To do:
Every entry that follows must be written out exactly, apart from its pictures.
──────
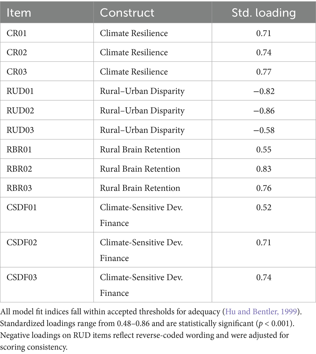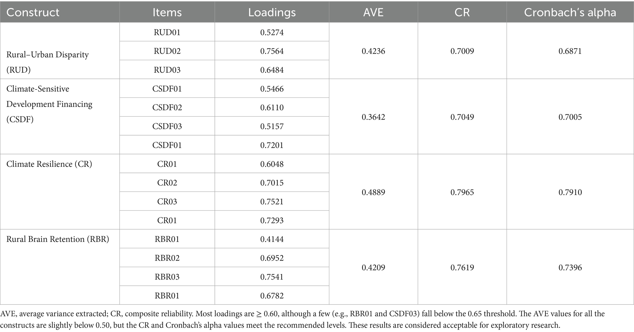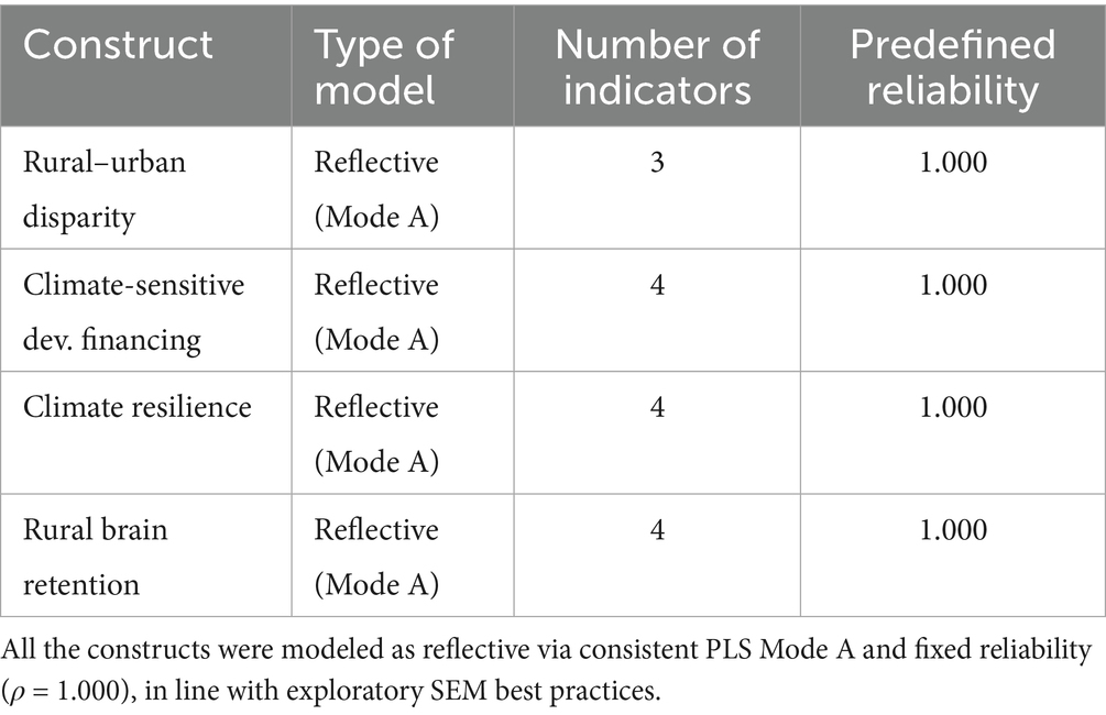 The study’s four key constructs—climate finance, rural–urban disparities, rural brain drain, and climate resilience—were conceptualized as latent variables and measured using multi-item indicators derived from an extensive review of the literature and refined through expert consultations to ensure contextual relevance. Each construct was operationalized through a set of items designed to capture respondents’ perceptions, experiences, and behaviors related to the study themes. Responses were recorded using five- or seven-point Likert-type scales, depending on the nature of the construct, enabling the measurement of varying degrees of agreement or frequency. These scaling decisions align with the analytical requirements of structural equation modeling (SEM) by generating continuous data suitable for latent variable modeling.
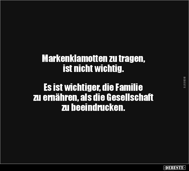 Markenklamotten zu tragen, ist nicht wichtig. Es ist wichtiger, die Familie zu ernähren, als die Gesellschaft zu beeindrucken.
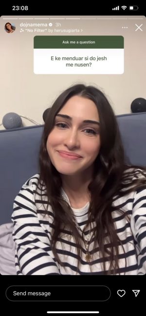 Së fundmi, moderatorja ka realizuar një intervistë virtuale me ndjekësit e saj, ku këto të fundit këtë herë duket se kanë shkuar shumë larg. Ndjekësit janë kuriozë si do të jetë Dojna si vjehrrë, ndonëse djali i saj është vetëm disa muajsh. Siç pritej, Mema u shpreh se nuses nuk do t’i mungojë ngrohtësia nga ana e saj.
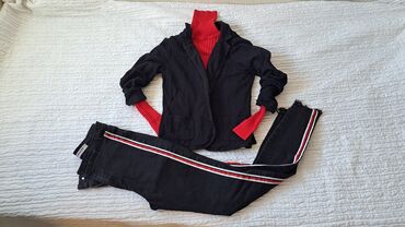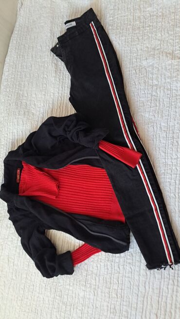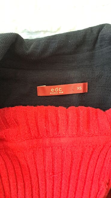 - Džemper: crveni, rebrasti, uski kroj sa rol-kragnom. Brend: edc (etiketa XS). Elastičan materijal koji lepo prijanja uz telo.
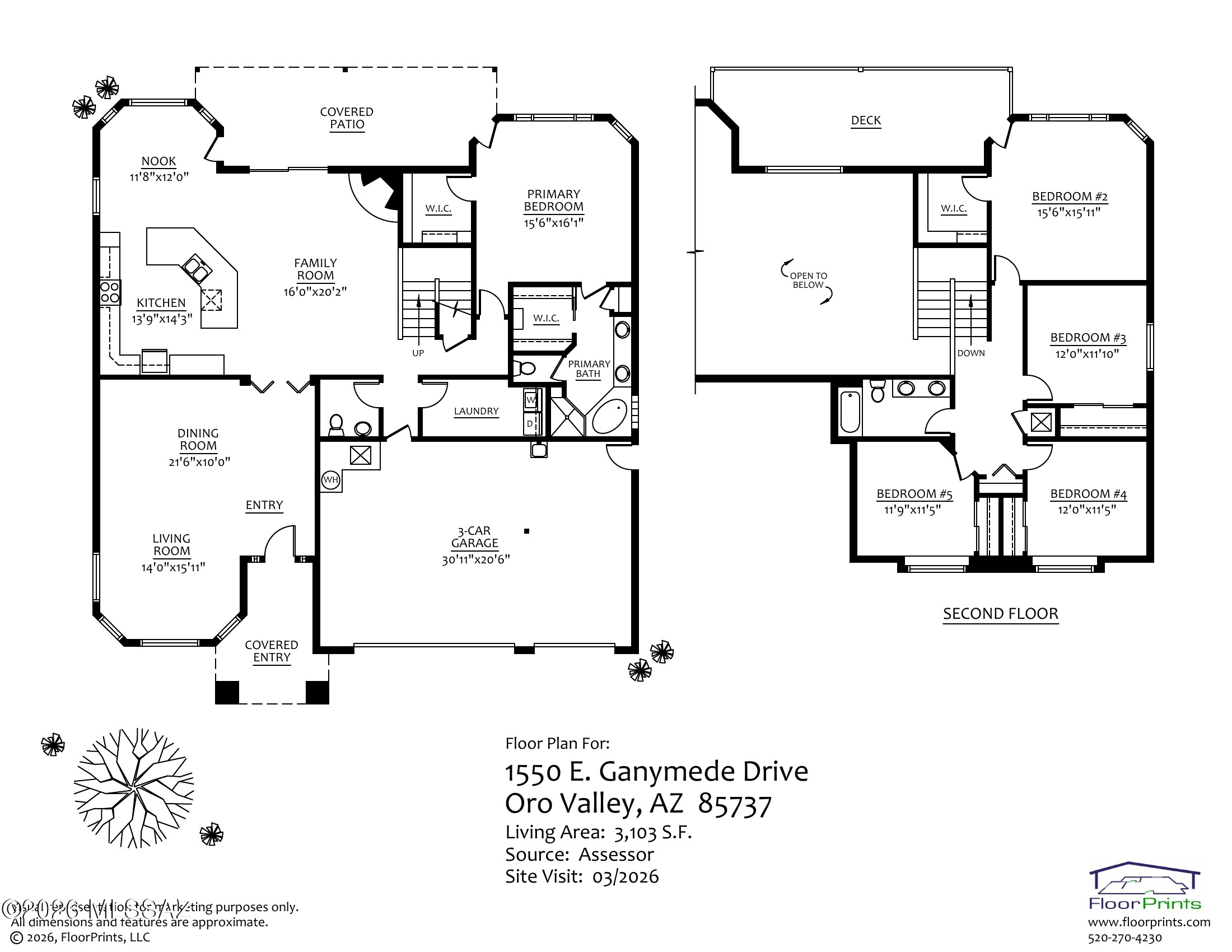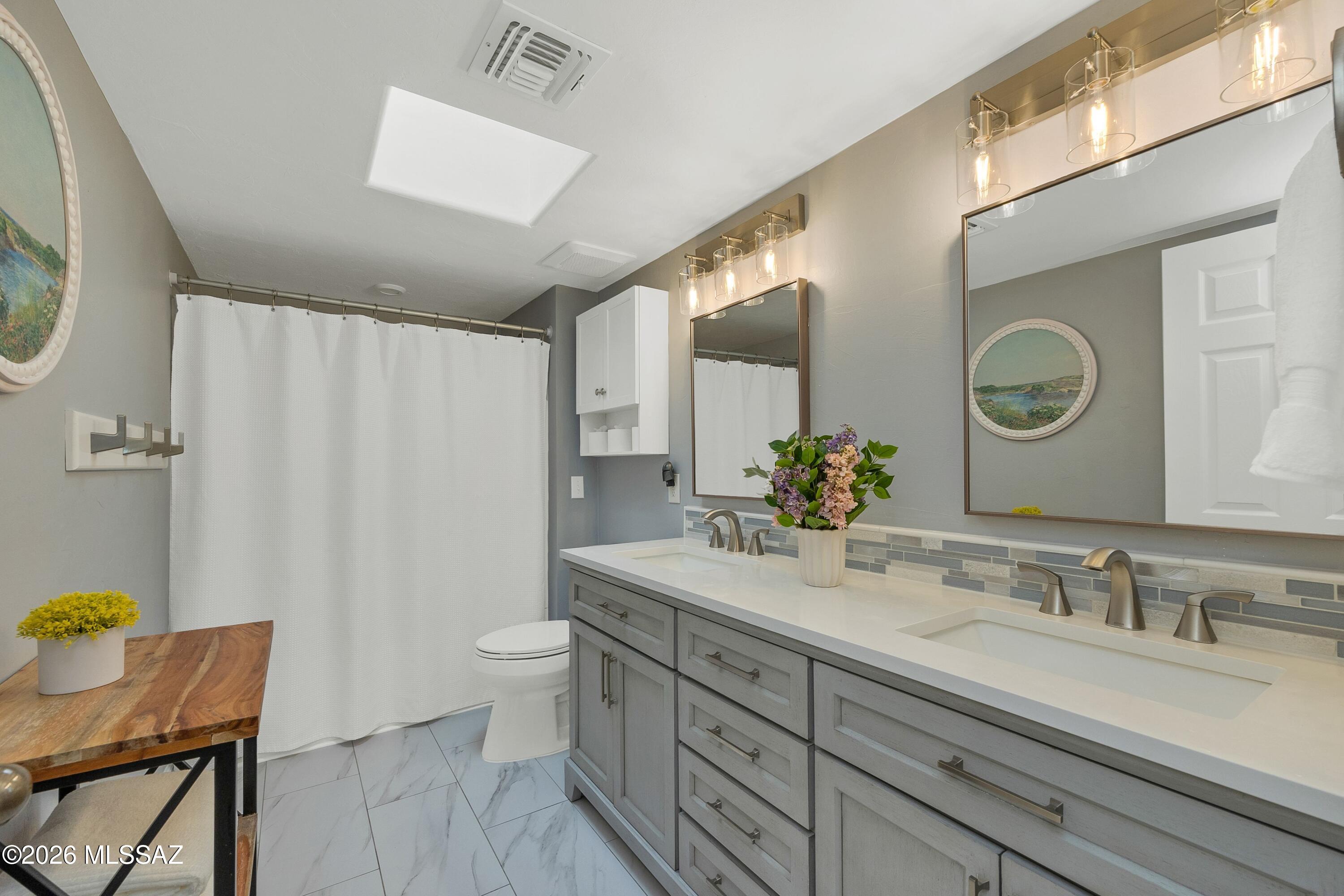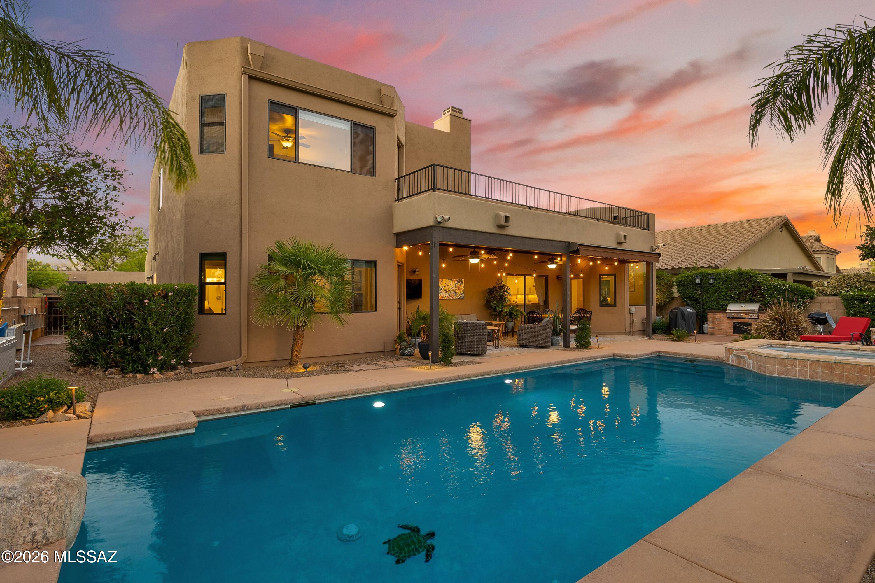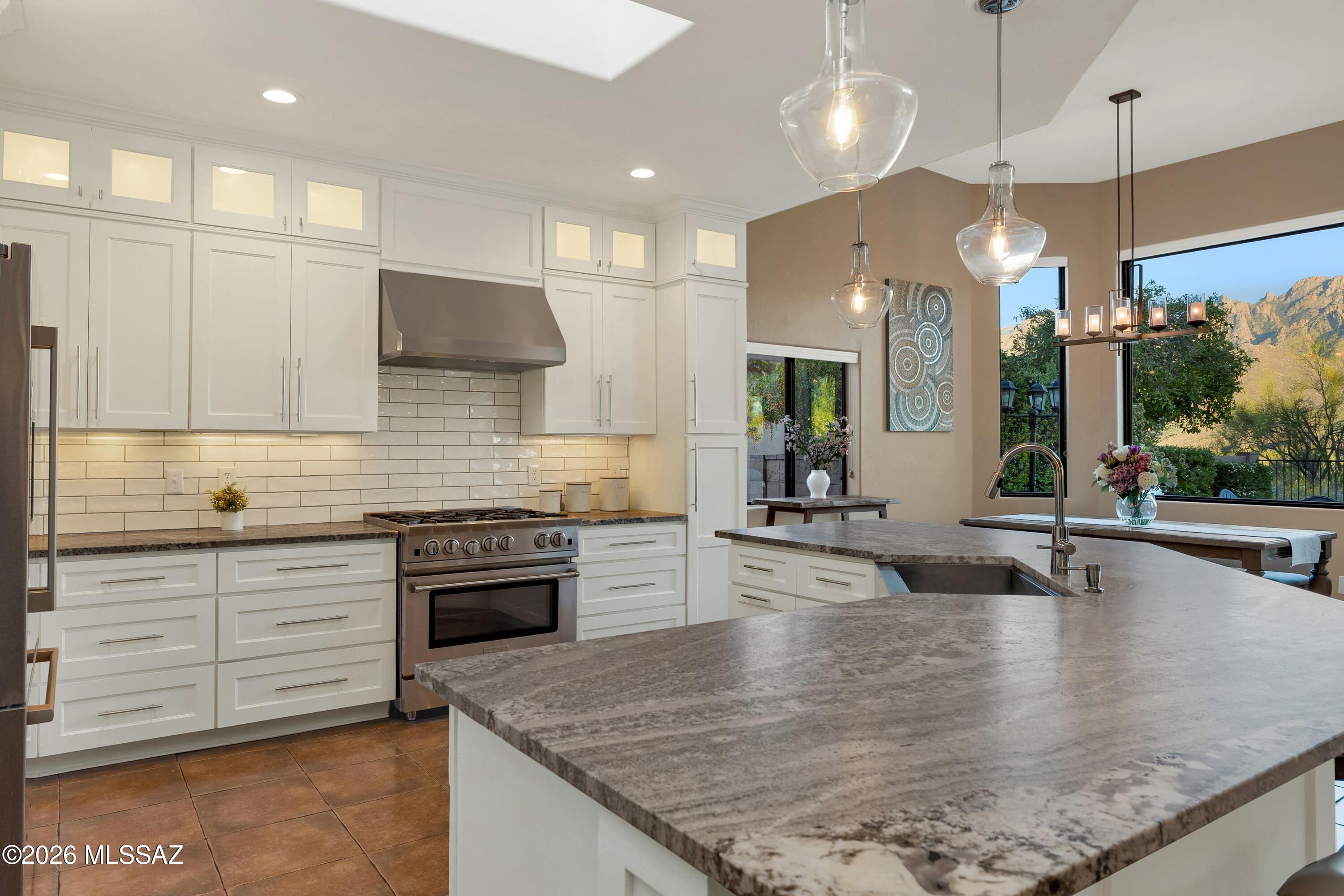 Dramatic views of Pusch Ridge and the Catalina Mountain range await at 1550 E Ganymede Drive. Situated on an elevated SE facing lot in the convenient neighborhood of Catalina Shadows, this property has it all: ample space, outdoor living & gorgeous desert scenery. Iconically Southwest, the Santa Fe style architecture nods to the setting. Inside, a spacious layout with 3,103 sq ft includes 5 bedrooms (main level primary), 2 1/2 bathrooms with dual living spaces - you will find fresh paint throughout. High ceilings & large windows create a sense of openness. Fully renovated, the chef's kitchen is the heart of the home. Outfitted with floor to ceiling custom cabinetry, stainless appliances-including a BlueStar range, and a generous island finished with satin granite counters and wainscoting. Recently enhanced with a new picture window, the breakfast nook provides a perfect visual path to the beaty outside. The downstairs primary bathroom has been refreshed with new tile, painted cabinetry, lighting and accessories.
──────
Result for this exercise:
 The study’s four key constructs—climate finance, rural–urban disparities, rural brain drain, and climate resilience—were conceptualized as latent variables and measured using multi-item indicators derived from an extensive review of the literature and refined through expert consultations to ensure contextual relevance. Each construct was operationalized through a set of items designed to capture respondents’ perceptions, experiences, and behaviors related to the study themes. Responses were recorded using five- or seven-point Likert-type scales, depending on the nature of the construct, enabling the measurement of varying degrees of agreement or frequency. These scaling decisions align with the analytical requirements of structural equation modeling (SEM) by generating continuous data suitable for latent variable modeling.
 Markenklamotten zu tragen, ist nicht wichtig. Es ist wichtiger, die Familie zu ernähren, als die Gesellschaft zu beeindrucken.
 Së fundmi, moderatorja ka realizuar një intervistë virtuale me ndjekësit e saj, ku këto të fundit këtë herë duket se kanë shkuar shumë larg. Ndjekësit janë kuriozë si do të jetë Dojna si vjehrrë, ndonëse djali i saj është vetëm disa muajsh. Siç pritej, Mema u shpreh se nuses nuk do t’i mungojë ngrohtësia nga ana e saj.
 - Džemper: crveni, rebrasti, uski kroj sa rol-kragnom. Brend: edc (etiketa XS). Elastičan materijal koji lepo prijanja uz telo.
 Dramatic views of Pusch Ridge and the Catalina Mountain range await at 1550 E Ganymede Drive. Situated on an elevated SE facing lot in the convenient neighborhood of Catalina Shadows, this property has it all: ample space, outdoor living & gorgeous desert scenery. Iconically Southwest, the Santa Fe style architecture nods to the setting. Inside, a spacious layout with 3,103 sq ft includes 5 bedrooms (main level primary), 2 1/2 bathrooms with dual living spaces - you will find fresh paint throughout. High ceilings & large windows create a sense of openness. Fully renovated, the chef's kitchen is the heart of the home. Outfitted with floor to ceiling custom cabinetry, stainless appliances-including a BlueStar range, and a generous island finished with satin granite counters and wainscoting. Recently enhanced with a new picture window, the breakfast nook provides a perfect visual path to the beaty outside. The downstairs primary bathroom has been refreshed with new tile, painted cabinetry, lighting and accessories.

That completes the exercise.